Barostim delivers electrical pulses to baroreceptors in the wall of the carotid artery. The pulses activate the body’s baroreflex, triggering an autonomic response to the heart.
CVRx designed the therapy to restore balance to the autonomic nervous system, reducing the symptoms of heart failure. The system holds FDA breakthrough device designation and FDA approval for use in heart failure patients in the U.S. CVRx earlier this year announced positive data as part of an expanded FDA labeling for Barostim granted in December.
Today, the company shared newly published data in the Journal of the American College of Cardiology: Heart Failure. Outcomes detail durable improvements out to 24 months in the individual components of the Minnesota Living with Heart Failure (MLWHF) and EuroQual-5D (EQ-5D) quality of life measures.

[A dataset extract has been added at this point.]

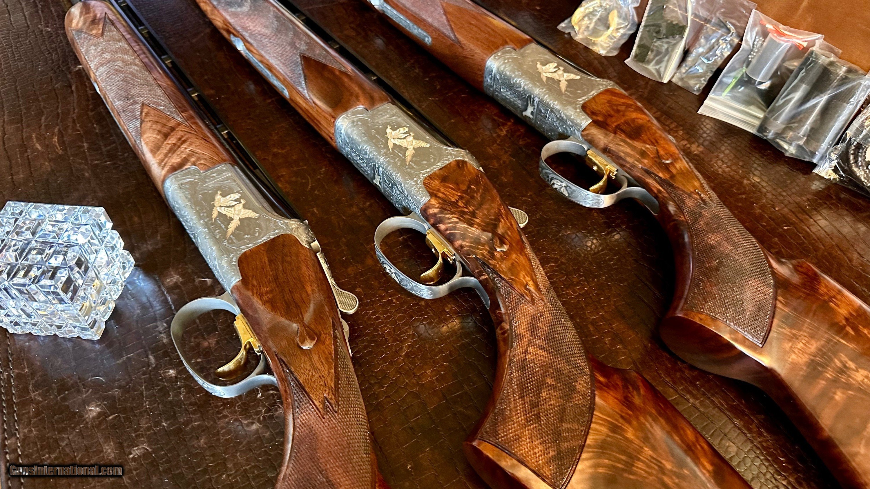 Description: BROWNING GRADE VII FIELD SPORT 410GA 28GA 20GA NIB NIC UNFIRED TRÍO OF THE FINEST BROWNING 32” 30” HIGH GRADE PROGRAM -- SOLD AS A SET -- PLEASE INQUIRE ABOUT INDIVIDUAL GUN PURCHASES FROM THIS TRIO ***SILVER INLAYS... NOT GOLD TOP: 20GA MIDDLE: 28GA BOTTOM: 410GA Browning Citori Sporting Grade VII Sub Gauge Set, 410/28/20 Gauge, NIB Description: This is a Sub Gauge Set of Browning Citori Field Sporting Grade VII Shotguns chambered in 410, 28 Gauge and 20 Gauge. The 410 gauge features a 30 inch barrel with a 3" chamber. The 28 Gauge features a 32 inch barrel with a 2 3/4 inch chamber and the 20 gauge features a 32 inch barrel with a 3" inch chamber. All three shotguns are brand new in box, never been transferred, never been fired. Ahead of the field, on the range. A finely-crafted over and under shotgun radiates class and elicits stares from shotgun enthusiasts the moment it is extracted from the confines of its case. For 2021, the Browning High Grade Program is pleased to offer just such a firearm. Like the 12 gauge counterpart offered in 2020, the Citori Sporting Grade VII - now available in three subgauge models - will be a highlight of any firearms collection. Extensive receiver engraving covers the receiver and features silver accented game birds. Richly finished Grade VI-VII walnut is near seamlessly fit to the receiver. Because looks aren't everything, the Citori Field Sporting is built to function and perform at a level that exceeds the beautiful appearance. Be aware, if you purchase one of these limited edition models that it will be difficult to resist bringing this fine shotgun to the range - or even the field - to display its full potential. Beautiful engraving with silver bird and dog accents Gloss oil finish Grade VI/VII walnut stock with name plate inlay for owner's initials Triple Trigger System with three trigger shoes HiViz Pro Comp sight and ivory mid-bead Five extended black Midas Grade choke tubes Ideal for sporting clays/skeet/hunting Specifications: Gauge: 410 Chamber Length: 3" Barrel Length: 30" Overall Length: 47 1/2" Length of Pull: 14 3/4" Drop at Comb: 1 1/2" Drop at Heel: 2 1/4" Weight: 7 lbs 6 oz Rib Width: 3/8 - 1/2" Barrel Finish: Polished Blued Stock Finish: Gloss Oil Browning Citori Sporting Grade VII Sub Gauge Set, 410/28/20 Gauge, NIB - Over Under Shotguns Wood Grade: Grade VI/VII Chokes Included: Full, Improved Modified, Modified, Improved Cylinder, Skeet Receiver Finish: Silver Nitride Chamber Finish: Chrome Plated Chamber Front Sight: HiViz Pro-Comp Choke System: Standard Invector Midas Barrel Material: Steel Stock Material: Black Walnut Recoil Pad: Inflex 2, Large Checkering: Cut 20 LPI Sling Swivel Studs: None Receiver Material: Steel Trigger Finish: Gold Plated Trigger Guard Finish: Silver Nitride Trigger Material: Alloy Trigger Guard Material: Steel Trigger Guard Engraving: Roll/Hand with silver Choke Wrench Included: T-Wrench 28 Gauge Specifications: Gauge: 28 Chamber Length: 2 3/4" Barrel Length: 32" Overall Length: 49 1/2" Length of Pull: 14 3/4" Drop at Comb: 1 1/2' Drop at Heel: 2 1/4" Weight: 7 lbs 6 oz Rib Width: 3/8 - 1/2" Barrel Finish: Polished Blued Stock Finish: Gloss Oil Wood Grade: Grade VIVII Chokes Included: Full, Improved Modified, Modified, Improved Cylinder, Skeet Receiver Finish: Silver Nitride Dura Touch Finish: No Chamber Finish: Chrome Plated Chamber Front Sight: HiViz Pro-Comp Choke System: Standard Invector Midas Barrel Material: Steel Stock Material: Black Walnut Recoil Pad: Inflex 2, Large Checkering: Cut 20 LPI Sling Swivel Studs: None Receiver Material: Steel Trigger Finish: Gold Plated Trigger Guard Finish: Silver Nitride Trigger Material: Alloy Trigger Guard Material: Steel Trigger Guard Engraving: Roll/Hand with silver Choke Wrench Included: T-Wrench 20 Gauge Specifications: Gauge: 20 Browning Citori Sporting Grade VII Sub Gauge Set, 410/28/20 Gauge, NIB - Over Under Shotguns Barrel Length: 32" 49 1/2" Length of Pull: 14 3/4" Drop at Comb: 1 1/2" Browning Rib Width: 3/8 - 1/2" Model Barrel Finish: Polished Bitted Barrel Length: Finish: Gloss Oil WOOD Grade: VII Total Capacheckiver Finish: Silver Nitroved Mogie Motied, Improved Cylinder, Skeet Dura Touch Finish: No sh: Chrome Plated Chamber Choke System: Standard Invector Midas Barrel Material: Steel Stock Material: Black Walnut Recoil Pad: Inflex 2, Large Checkering: Cut 20 LPI Sling Swivel Studs: None Receiver Material: Steel Trigger Finish: Gold Plated Trigger Guard Finish: Silver Nitride Trigger Material: Alloy Trigger Guard Material: Steel Trigger Guard Engraving: Roll/Hand with silver Choke Wrench Included: T-Wrench Over / Under 410/28/20 Gauge 30/32 Inch SOLD Shotgun Gauge: 20 Gauge, 28 Gauge, .410 Gauge Manufacturer: BROWNING Model: CITORI FIELD SPORT GRADE VII Serial Number: SEE BOX LABELS Barrel Length: SEEE BOX LABELS Chambers: 410 3” — 28 2 3/4” — 20GA 3” Condition: NEW LOP: SEE DETAILS IN DESCRIPTION Finish: HAND RUBBED OIL Manufacture Date: 2021 Engraving: SILVER |

Patients in the trial utilized Barostim plus guideline-directed medical therapy (GDMT). They reported feeling significantly better in a variety of physical and psychosocial measures compared to GDMT alone. That included significant improvements in the ability to work around the house, sleep and engage in activity.
Those who received Barostim reported less depression and that they felt they were less of a burden on friends and family. Physicial metrics included less shortness of breath, less fatigue and pain and increased mobility and ability to perform usual activities.
“The durable functional and psychological improvements associated with Barostim are unique to this therapy and superior to medical management alone. To see quality of life results that remain this significant in long-term data are rare,” said Dr. Philip Adamson, chief medical officer of CVRx. “We believe this analysis of the long-term BeAT-HF data will support the shared decision-making of patients and physicians when considering Barostim therapy.”